Setting Pt. 2
- Karmen Wells
- 1 hour ago
- 3 min read
In Part 1 of this topic, I discussed the feeling of a setting. Here, in Part 2, I want to dive into our origins in a place and how it informs a character’s development—as my father wrote in one of his songs, “peoples and places go together.” None of us chooses where we’re born. What part of the world. What ethnicity. What class. And no matter how you alter your life or how often you change locations, you will always be “from” a place. (Ridiculous how we judge each other so disdainfully for circumstances in which we just appear, but I digress.)
Setting has more impact on us than we may realize. Places shape us. For many people, where they come from is who they are. I had a hard time grasping this at a young age. How could I possibly agree to be lumped in with an enormous population spread out across vast landscape? Or find pride in its abhorrent beginnings and the continued impact of that history? I just didn’t understand it. (I can’t tell you how hard it is for me to not turn this into a political post—you can take the girl outta poli-sci, but you can’t take the poli-sci outta the girl.) As a nomad, I go to places with histories I’ve studied and written about in university, and their sense of home and nationalist fervor makes more sense to me than my own. Yet, in my travels, I can attest to jumping on the correction that I am Canadian and not American, so there’s obviously something there.
It’s our responsibility as storytellers to analyze what influence the setting might have on our characters, whether in the moment or how they develop. Writing fiction allows us the opportunity to dig beneath the reflection and ask questions about who we are, how we came to be that way, and how it prompts our interactions with other people. As I always tell my writers, storytelling is an exercise in empathy. This does not mean our characters must be empathetic, or even be likable, but with depth and authenticity, we can provide readers with new perspectives that make them consider experiences and consequences beyond their own. When we enter this world, before we ever know who we are, we are assigned to a place and our shaping begins. Through the culture and history we inherit, and the stereotypes and assumptions placed on us because of those, we collect the pieces of who we will become. Ideally, we never stop collecting. Most of these pieces are eternally flexible, though some may be more rigid and heavier than others to alter or discard, but that early piece of place stays rooted.

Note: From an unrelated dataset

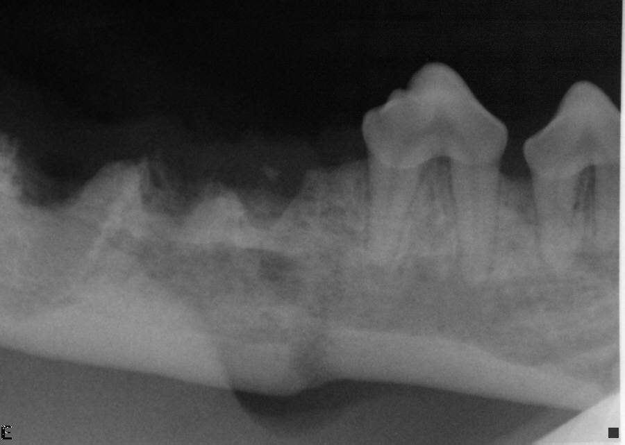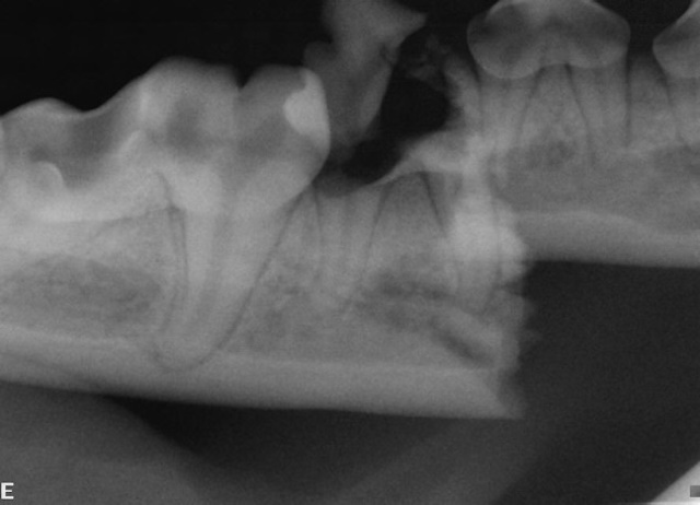 Intraoral radiograph after extractions of endodontically compromised first molar and periodontally compromised fourth premolar teeth. Notice the healed fracture line despite the initial fracture gap.

Many of our rooted pieces connect to roots set in other places around the world. And some have their rooted pieces burrowed straight down. As we develop our characters, we may not need to explicitly state details of their every piece, but as the writer, asking these questions flexes the empathy in you, which not only transfers onto the page, but that undercurrent of knowledge will also make your character feel fuller. Whether you are a novice writer or a well-practiced scribe, consider all the ways setting can fuel your story. Self-reflection on where we come from and how it informs who we are is a great place to start when we’re stuck defining and refining our characters.
I know I’m lucky to have been born and to have grown up in the place where I did. I’ve never had to fight for my right to land or had the validity of my identity questioned—as Dad sings, “everybody needs a place to place their body and not worry that they might become extinct.” I’m grateful I was raised to be curious and open about circumstances beyond myself because it has softened others to allow me into their perspectives and experiences, revealing new pieces for my own collection. Winnipeg is place I can feel unique and accepted for every weird, goofy part of me. I know I would have been shaped differently in another setting. But as a nomad, I’ve had the luxury of finding places that feel like home for different parts of me, which has been a gift. So I’ll continue my wandering journey, like the Roma people of my heritage, finding where home feels right and discovering new places where I can enrich who I am and be reminded of how beautiful this planet is for its variety of settings and the people who come out of it.